Text-to-Speech on a Low-Power Chip
bluephone writes: "The EE Times has a story on a new chip from Winbond that can take ASCII or UNICODE text and convert it to either spoken English or Mandarin (the Chinese language, not the orange). The low-power chip scans the text and translates it into spoken phenomes and outputs it to a filter for smooth analog sound, or can directly output the digital signal. Imagine a cell phone with this, you can have your email read to you, rather than seeing a line at a time on a dinky screen, street directions from a website, or even Slashdot's headlines. :)"
I have a little bot written in perl and VXML that reads my email. It is far esier than making the phone do the processing, and ita free. see studio.tellme.com
man, if they put simplt text (apples text/scripting/voice filter program) on one of those things, no one will gt there work done!!!
I am the Alpha and the Omega-3
Cell phones, PDA's, perhaps new tools for people with vision disabilities, where it could pick up plain text via IR near busy intersections or information kiosks. Text is small, broadband wouldnt be required, since its all converted in real time on a chip. Since it is supposed to be low-powered, it would be great for devices that didnt need to be recharged often, like the pagers mentioned in the article.
I wonder how lifelike the voice is though. I don't think any text-speech tools are going to become very mainstream untill they sound better.
as the writeup said, this could be used in a cellphone to read what you were looking at, but wouldn't it be simpler, and backwards compatible, to just do text to speach synthisis on a remote computer. every cell phone out there can already just transmit the sound from a remote location, and it wouldn't require any new/expensive chips.
would be something we can all be impressed with.
That's all I need, Stephen Hawking's voice coming at me from my cell phone:
Anonymous cowards love the rich meaty taste of spam.
could i set it to a deep erotic female sounding voice and have it read dirty stories to me?
no
Can you imagine millions of geeks' cell phones with this chip? "First Post" echoing throughout the world...
would be reading /. headlines. I mean, text-to-speech is great, but can it spell-check at the same time?
The cellphone may have all the power of an original Palm Pilot these days, but we don't need to make it into a Onyx Server.
My Amiga was talking to me 15 years ago.
Actually, my Timex Sinclair 1000 was talking to me 20 years ago, but I think that was the acid...
Waltz, nymph, for quick jigs vex Bud.
The lead story read: "Unionized environmental health workers object to new chip that can read un-ionized lead levels."

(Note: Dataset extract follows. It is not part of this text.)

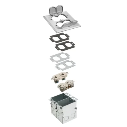 Arlington FLB5552NL Combo Floor Box Kit with Installed Low Voltage Divider – Nickel

Reading english is a lot tougher than most English speaking people think.
-- MarkusQ
Any technology that can translate text to words is a good thing so the Blind people can have less of a hard time with technology which is mostly sight driven. But of course with my Really bad spelling it could drive people nuts. (Yea Yea Lern to spell and that will fix the problem) But I always want the feature to disable it no matter how low processing power it uses. Speaking is generally slower then reading. Plus there is some times were your concentration dosent need a computer speaking to you.

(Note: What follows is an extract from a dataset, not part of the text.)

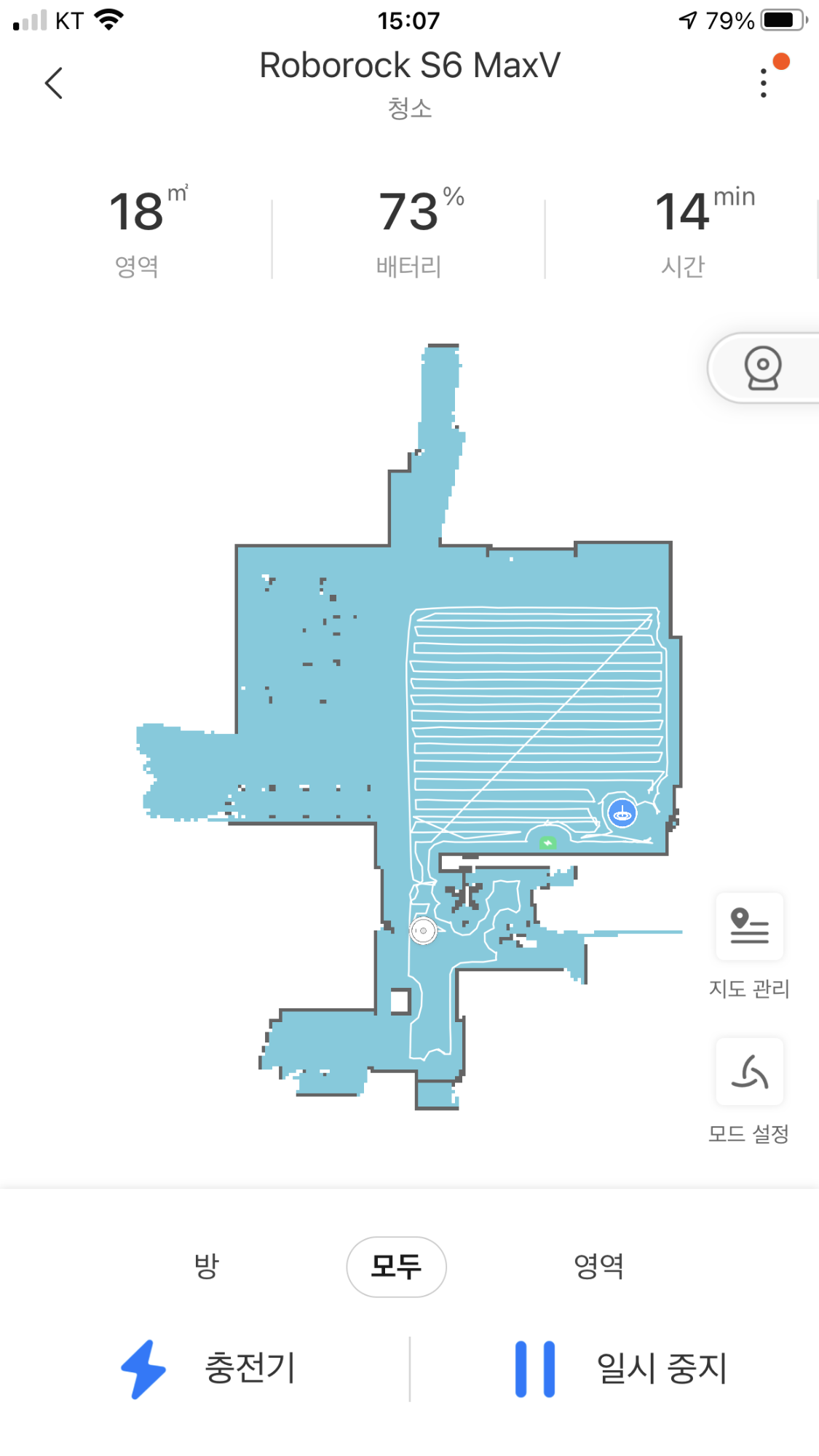 청소를 한 경로는 앱으로 확인할 수 있습니다. 이게 참 신기하네요.

If something is so important that you feel the need to post it on the internet... It probably isn't that important.
Does it sound like Kavita Maharaj?
Because I swear, sexy though it is, her voice is synthesized.
--Blair
Actually, on a more serious note, is there anyone working on an open source speech synthesis project?
Waltz, nymph, for quick jigs vex Bud.
But is it smart enough to pronounce the boldfaced word above as "phonemes"?
Never take moderation advice from sigs, including this one.
Didn't I see this first in "Wargames?"
Incidentally, a guy I work with has a father who designs for Chrysler. He said that the big D-C was "really interested" in applications of text to speech. Think about it: ebooks that read themselves to you while you drive, driving directions and traffic info read to you rather than displayed on a screen (most nav screens require you to take your eyes entirely off the road and down the dash as much as 18 inches...eep!). You've got a much more useful interface, and with a low cost(though they'll charge you a grand, i'm sure) , easy to interface chip, they'll have no excuse not to bring this much safer system for data interaction to my dash today, and not six years from now.
Hey freaks: now you're ju
No, those chips (it was a pair) were power-hungry 5 volt parts made by General Instrument. One was a microcontroller (8051?) with the text-to-phonome algorithm, and the other was the phonome-to-audio processor (GI SP0256). Actually, the SP0256 could accept external roms for specialized words, so it could have spoken in any language you wanted.
Check out quadravox for boards that emulate the SP0256, using ISD's analog flash memory and a microcontroller.
(My misadventure with the old GI chip: -12 instead of +5, just for a split second. After that, it developed an stutter!)
HIV Crosses Species Barrier... into Muppets
Phone: "Are you looking for hot [chicks|sex|pussy|love]?"
Wife: "um... what was that, honey?"
Phone: "Get your University diploma!"
Wife: "What, I'm not good enough the way I am?"
Phone: "Get out of debt now!"
Wife: "Okay, you know what? That's your birthday present on the Credit card, bucko. That's it. I'm leaving..."
I am the very model of a modern major general!
sb = Sound Blaster
ai = "artificial intelligence"
tso = ???
text-to-speech output?
Yeah, but you know the power consumption would be a hell of a lot higher on the chip that everybody would really want anyways: the Text-to-Barry-White-Speech chip.
"You've got mail, baby."
All you had to do was ask. Sound Blaster Acting Intelligent Text-to-Speech Operator.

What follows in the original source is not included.